On 17.12.2014 21:10, Aleksey Shipilev wrote:
On 17.12.2014 18:58, Claes Redestad wrote:
On 2014-12-17 11:22, Lev Priima wrote:
Please review space optimization in no args String constructor.
Originally, it was already rejected once by suggestion in
http://mail.openjdk.java.net/pipermail/core-libs-dev/2012-May/010300.html
w/o formal justification of pros and contras. And enhancement was
requested again by Nathan Reynolds.
Issue: https://bugs.openjdk.java.net/browse/JDK-8067471
Patch: http://cr.openjdk.java.net/~lpriima/8067471/webrev.00/
I am OK with this change pending we understand the performance
impact a
little better. Please do benchmarks.
Could this have some obscure security implications, such as the
ability
to lock up some subsystem via retrieving and synchronizing on the
shared
new String().value? I guess not, for practical purposes.

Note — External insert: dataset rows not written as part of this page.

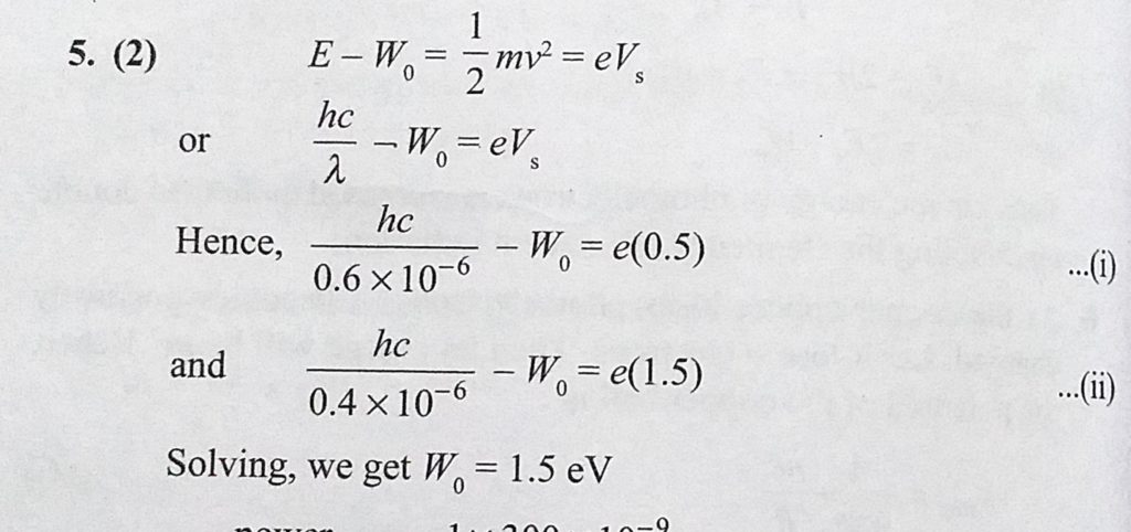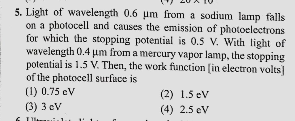 Light of wavelength 0.6 mu m from a sodium lamp falls on a photocell and causes the emission of photoelectrons for which the stopping potential is 0.5 V. With light of wavelength Light of wavelength 0.6 mu m from a sodium lamp falls on a photocell and causes the emission of photoelectrons for which the stopping potential is 0.5 V. With light of wavelength October 12, 2020 Category: Uncategorised (JEE Advanced Physics by BM Sharma + GMP Solutions) , Facebook Messenger WhatsApp Share this:TwitterFacebook Related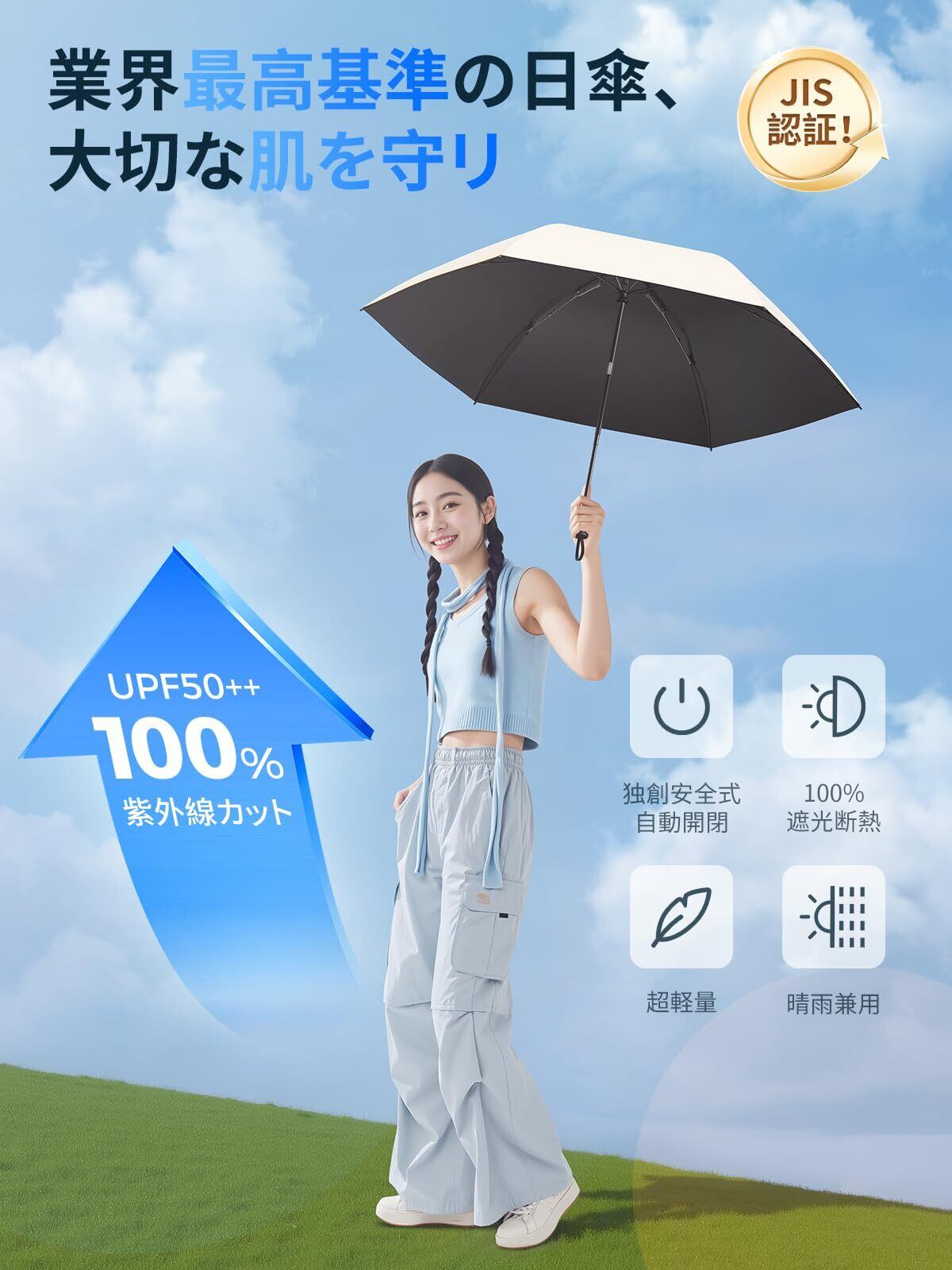 【JIS認証·現役皮膚科医監修】日傘 UVカット100遮光遮熱 折り畳み【業界初!改良型ワンタッチ自動開閉】UPEBおりたたみ傘 188g-230g超軽量 コンパクト 紫外線遮断 折りたたみ傘 耐風撥水 晴雨兼用 携帯便利 日傘メンズ/レディース/ガールズ/ガールズ/子供/大人兼用 収納ポーチ付き 母の日 父の日 お祝い 誕生日プレゼント2年品質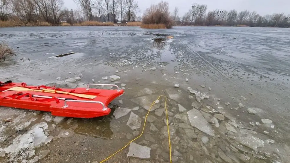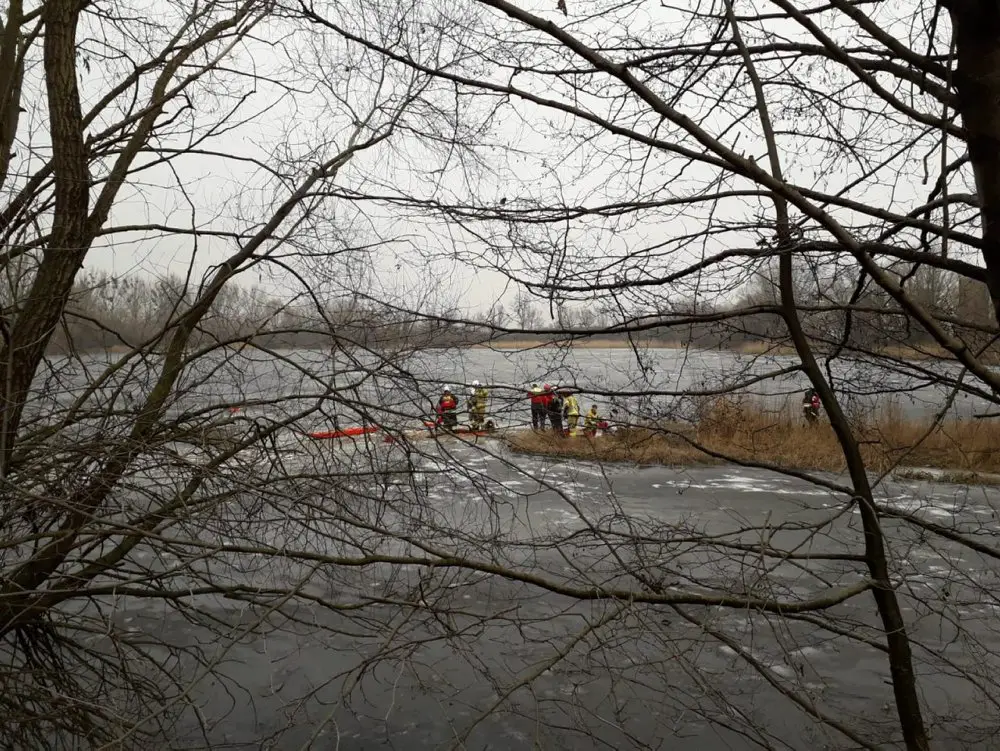 Strażacy zobaczyli skrajnie wychłodzonego mężczyznę, który resztkami sił utrzymywał się na tafli lodu około 20 metrów od brzegu.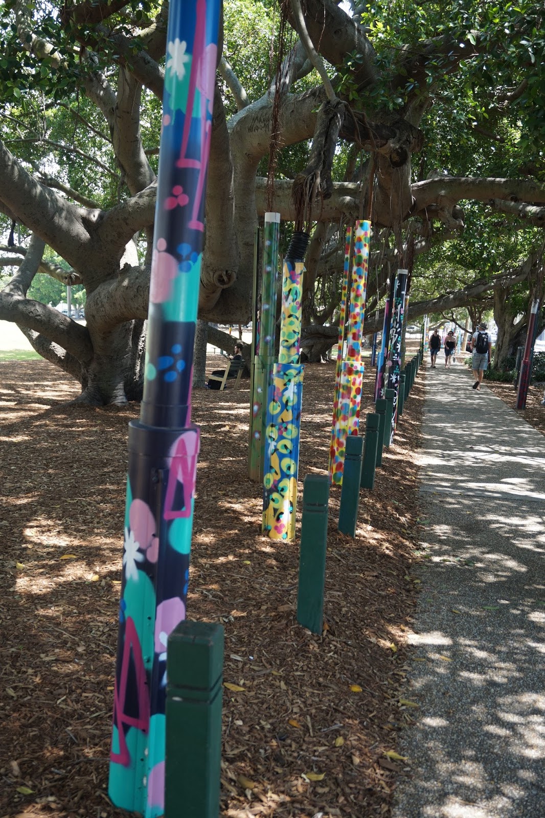 In Bulimba’s Memorial Park there are weeping figs and small leafed figs which are a living tribute to the servicemen and women who sacrificed their lives in the First World War. The aerial roots have been encased in cylinders which are individually painted and make for interesting art work in the park.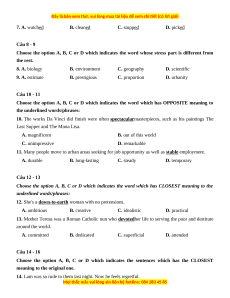13. Mother Teresa was a Roman Catholic nun who devotedher life to serving the poor and destitute around the world. A. committed B. dedicated C. superficial D. attended Câu 14 - 16

This would be an issue if we published String.value directly, but
we don't.
I guess it could also be written:
public String() {
this.value = "".value;
}
... which would saves some byte code and should avoid having to
allocate
a distinct object for this.
Oh, I like this trick, given "" is probably already in constant
pool for
some other reason. However, there is an additional dereference. We
need
a targeted nanobenchmark to properly quantify the costs for either
variant.
-Aleksey.